Problem to work on: Nothing below is to be printed except the lines between the line holding "除做好案件審理工作外,周夢琳" and the line holding "The installation begins", inclusive, each exactly as it appears.

Collection entries:
···

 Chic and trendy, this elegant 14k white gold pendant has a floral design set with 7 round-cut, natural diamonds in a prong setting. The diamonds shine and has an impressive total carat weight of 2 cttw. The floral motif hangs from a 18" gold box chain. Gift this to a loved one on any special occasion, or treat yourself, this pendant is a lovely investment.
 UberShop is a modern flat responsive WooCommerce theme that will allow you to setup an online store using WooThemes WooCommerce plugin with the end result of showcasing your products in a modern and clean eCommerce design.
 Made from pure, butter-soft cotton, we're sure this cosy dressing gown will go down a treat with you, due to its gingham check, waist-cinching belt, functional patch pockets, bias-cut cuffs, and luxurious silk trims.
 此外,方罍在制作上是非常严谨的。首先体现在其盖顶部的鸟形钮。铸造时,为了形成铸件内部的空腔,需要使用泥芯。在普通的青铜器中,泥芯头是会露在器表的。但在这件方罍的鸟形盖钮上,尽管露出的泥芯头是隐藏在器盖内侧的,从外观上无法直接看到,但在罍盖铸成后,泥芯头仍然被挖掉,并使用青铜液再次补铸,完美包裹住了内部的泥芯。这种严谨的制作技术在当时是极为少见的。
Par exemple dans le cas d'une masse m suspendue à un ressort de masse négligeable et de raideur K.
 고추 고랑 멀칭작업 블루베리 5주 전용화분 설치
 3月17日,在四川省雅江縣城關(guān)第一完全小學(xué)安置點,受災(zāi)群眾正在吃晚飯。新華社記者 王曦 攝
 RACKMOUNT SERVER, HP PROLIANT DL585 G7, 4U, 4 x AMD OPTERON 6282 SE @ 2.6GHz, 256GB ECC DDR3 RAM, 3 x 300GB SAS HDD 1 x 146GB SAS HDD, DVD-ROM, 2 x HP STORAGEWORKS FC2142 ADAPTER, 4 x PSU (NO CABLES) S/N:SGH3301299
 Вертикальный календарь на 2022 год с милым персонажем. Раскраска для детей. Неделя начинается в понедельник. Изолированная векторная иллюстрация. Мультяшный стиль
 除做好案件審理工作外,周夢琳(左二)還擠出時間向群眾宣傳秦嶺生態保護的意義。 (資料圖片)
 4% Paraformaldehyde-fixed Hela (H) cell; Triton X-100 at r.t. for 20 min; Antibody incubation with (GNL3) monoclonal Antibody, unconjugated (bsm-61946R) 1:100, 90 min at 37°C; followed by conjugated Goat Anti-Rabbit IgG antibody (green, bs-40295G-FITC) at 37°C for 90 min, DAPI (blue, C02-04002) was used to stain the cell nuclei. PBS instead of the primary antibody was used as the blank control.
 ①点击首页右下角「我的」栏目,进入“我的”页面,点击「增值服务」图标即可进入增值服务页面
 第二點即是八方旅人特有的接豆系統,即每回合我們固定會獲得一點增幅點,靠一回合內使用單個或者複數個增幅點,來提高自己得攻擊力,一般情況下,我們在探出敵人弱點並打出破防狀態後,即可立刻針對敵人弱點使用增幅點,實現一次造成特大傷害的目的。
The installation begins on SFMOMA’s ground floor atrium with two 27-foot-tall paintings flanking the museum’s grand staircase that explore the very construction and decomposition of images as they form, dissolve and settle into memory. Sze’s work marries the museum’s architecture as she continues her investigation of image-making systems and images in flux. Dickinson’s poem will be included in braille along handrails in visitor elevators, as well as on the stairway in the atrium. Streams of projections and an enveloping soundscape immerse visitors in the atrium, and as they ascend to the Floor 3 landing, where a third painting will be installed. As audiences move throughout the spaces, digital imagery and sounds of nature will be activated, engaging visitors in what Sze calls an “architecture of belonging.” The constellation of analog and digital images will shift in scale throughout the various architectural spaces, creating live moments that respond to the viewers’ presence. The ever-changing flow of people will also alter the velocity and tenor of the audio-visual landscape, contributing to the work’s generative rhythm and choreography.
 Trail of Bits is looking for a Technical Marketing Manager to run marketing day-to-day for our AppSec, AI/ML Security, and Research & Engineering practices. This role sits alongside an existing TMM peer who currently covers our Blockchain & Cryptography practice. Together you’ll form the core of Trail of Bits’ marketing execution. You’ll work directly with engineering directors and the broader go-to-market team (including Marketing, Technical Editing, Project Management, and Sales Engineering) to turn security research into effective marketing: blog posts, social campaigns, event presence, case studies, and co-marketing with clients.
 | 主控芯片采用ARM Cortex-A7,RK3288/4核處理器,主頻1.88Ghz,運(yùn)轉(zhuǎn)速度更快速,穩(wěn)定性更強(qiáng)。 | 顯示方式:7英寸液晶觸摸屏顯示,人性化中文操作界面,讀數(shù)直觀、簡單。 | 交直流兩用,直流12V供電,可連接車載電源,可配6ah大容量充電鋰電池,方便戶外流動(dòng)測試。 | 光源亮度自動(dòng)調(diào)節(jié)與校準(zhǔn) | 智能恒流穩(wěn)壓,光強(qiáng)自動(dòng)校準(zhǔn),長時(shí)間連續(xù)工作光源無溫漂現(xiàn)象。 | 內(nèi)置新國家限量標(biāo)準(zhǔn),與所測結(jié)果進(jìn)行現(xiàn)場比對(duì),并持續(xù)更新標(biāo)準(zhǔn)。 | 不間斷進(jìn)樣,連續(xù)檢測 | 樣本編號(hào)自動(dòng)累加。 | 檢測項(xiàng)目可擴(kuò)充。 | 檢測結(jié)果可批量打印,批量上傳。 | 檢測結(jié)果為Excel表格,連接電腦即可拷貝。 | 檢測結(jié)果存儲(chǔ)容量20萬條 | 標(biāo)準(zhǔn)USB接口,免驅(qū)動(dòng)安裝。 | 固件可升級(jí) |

···

Result below:
 除做好案件審理工作外,周夢琳(左二)還擠出時間向群眾宣傳秦嶺生態保護的意義。 (資料圖片)
 4% Paraformaldehyde-fixed Hela (H) cell; Triton X-100 at r.t. for 20 min; Antibody incubation with (GNL3) monoclonal Antibody, unconjugated (bsm-61946R) 1:100, 90 min at 37°C; followed by conjugated Goat Anti-Rabbit IgG antibody (green, bs-40295G-FITC) at 37°C for 90 min, DAPI (blue, C02-04002) was used to stain the cell nuclei. PBS instead of the primary antibody was used as the blank control.
 ①点击首页右下角「我的」栏目,进入“我的”页面,点击「增值服务」图标即可进入增值服务页面
 第二點即是八方旅人特有的接豆系統,即每回合我們固定會獲得一點增幅點,靠一回合內使用單個或者複數個增幅點,來提高自己得攻擊力,一般情況下,我們在探出敵人弱點並打出破防狀態後,即可立刻針對敵人弱點使用增幅點,實現一次造成特大傷害的目的。
The installation begins on SFMOMA’s ground floor atrium with two 27-foot-tall paintings flanking the museum’s grand staircase that explore the very construction and decomposition of images as they form, dissolve and settle into memory. Sze’s work marries the museum’s architecture as she continues her investigation of image-making systems and images in flux. Dickinson’s poem will be included in braille along handrails in visitor elevators, as well as on the stairway in the atrium. Streams of projections and an enveloping soundscape immerse visitors in the atrium, and as they ascend to the Floor 3 landing, where a third painting will be installed. As audiences move throughout the spaces, digital imagery and sounds of nature will be activated, engaging visitors in what Sze calls an “architecture of belonging.” The constellation of analog and digital images will shift in scale throughout the various architectural spaces, creating live moments that respond to the viewers’ presence. The ever-changing flow of people will also alter the velocity and tenor of the audio-visual landscape, contributing to the work’s generative rhythm and choreography.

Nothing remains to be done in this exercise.